Bolehkah Penderita Hipertensi, Kolestrol Tinggi Makan Opor Ayam
- 08 Apr 2025 07:47 WIB
- Fak Fak
KBRN, Fakfak : Opor adalah salah satu hidangan tradisional Indonesia yang popular ,terutama saat perayaan lebaran, Opor ayam pada dasarnya terbuat dari santan, ayam, dan bumbu-bumbu khas. Masalahnya, santan itu tinggi lemak jenuh, dan kalau ayamnya bagian yang berlemak (misalnya paha berkulit), ditambah santan kental, maka kandungan lemak jenuh dan kolesterolnya lumayan tinggi, yang dilansir dari fimela.com Ini yang bisa jadi masalah untuk penderita hipertensi dan kolesterol tinggi.
Berikut penjelasannya:
Kenapa harus hati-hati?
- Hipertensi: Opor ayam biasanya dimakan dengan tambahan garam atau kaldu instan yang tinggi natrium, sedangkan natrium berlebihan bisa memperburuk tekanan darah.
- Kolesterol tinggi: Santan dan kulit ayam tinggi lemak jenuh, yang bisa meningkatkan kadar LDL (kolesterol jahat).
Tips supaya tetap aman:
- Pilih bagian ayam tanpa kulit (misal dada tanpa kulit).

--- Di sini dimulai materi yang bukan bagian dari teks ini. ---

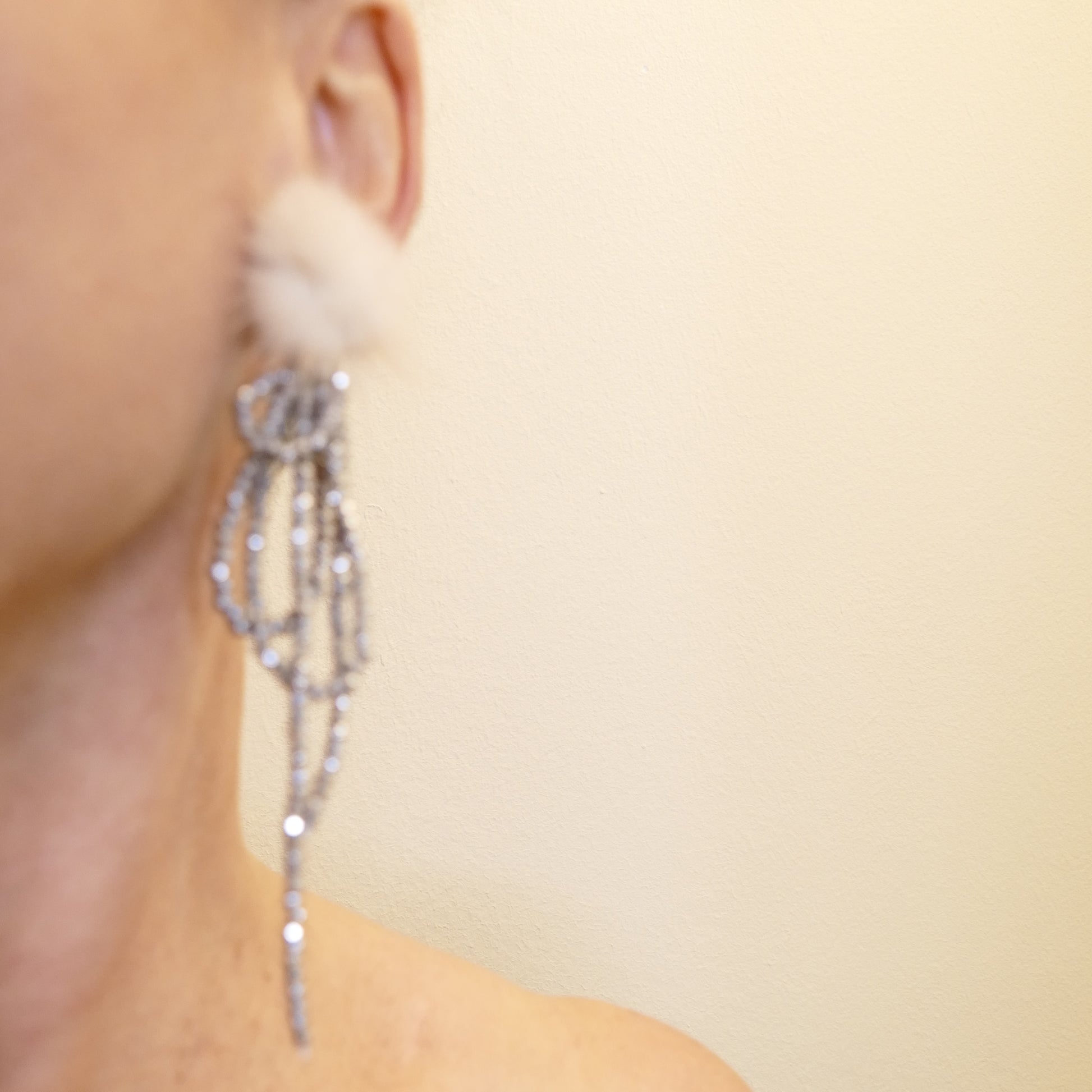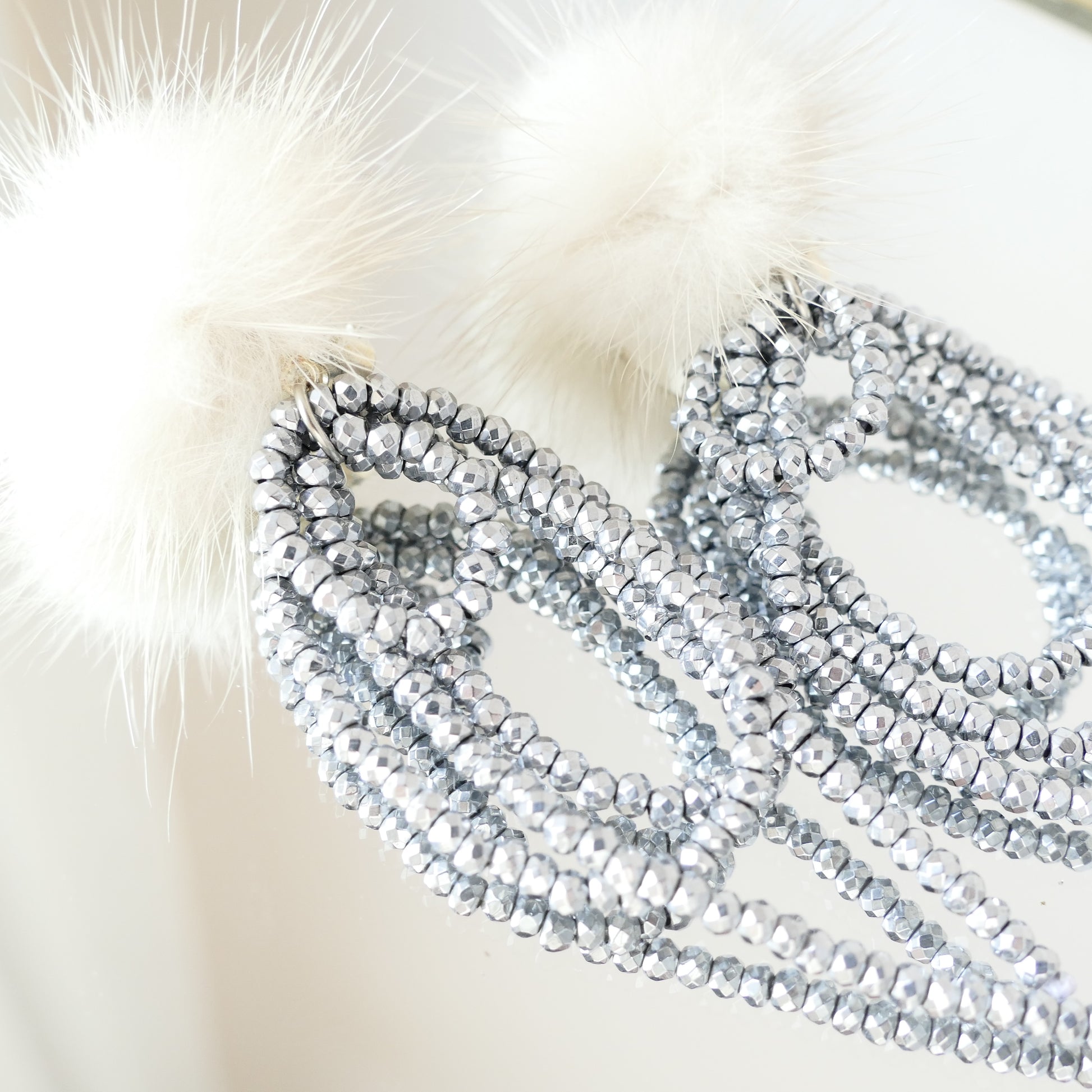 Elegante Ohrclips aus glänzendem Hämatit mit weichen Fransen und kuscheligem hellbeige Fellbesatz. Die komfortablen Clips sitzen sicher ohne zu drücken und verleihen jedem Look eine raffinierte, moderne Note. Perfekt für alle, die Schmuck mit Textur und Charakter lieben – zeitlos grau mit einem Hauch von Luxus.

- Kurangi atau gunakan santan encer, atau bisa diganti santan rendah lemak.
- Batasi garam dan penyedap rasa.
- Makan dalam porsi kecil, jangan setiap hari.
- Lengkapi dengan sayur tinggi serat untuk membantu mengikat lemak (misal: sayur asem, lalapan segar, dsb).
Yang menjadi perhatian yakni, Sesekali makan opor ayam boleh, asal diolah dengan cara yang lebih sehat dan tidak berlebihan. Jika sedang dalam masa pengobatan ketat atau kadar kolesterol/tekanan darah sedang tinggi, sebaiknya dikonsultasikan juga ke dokter atau ahli gizi.
Rekomendasi Berita
Memuat berita terbaru.....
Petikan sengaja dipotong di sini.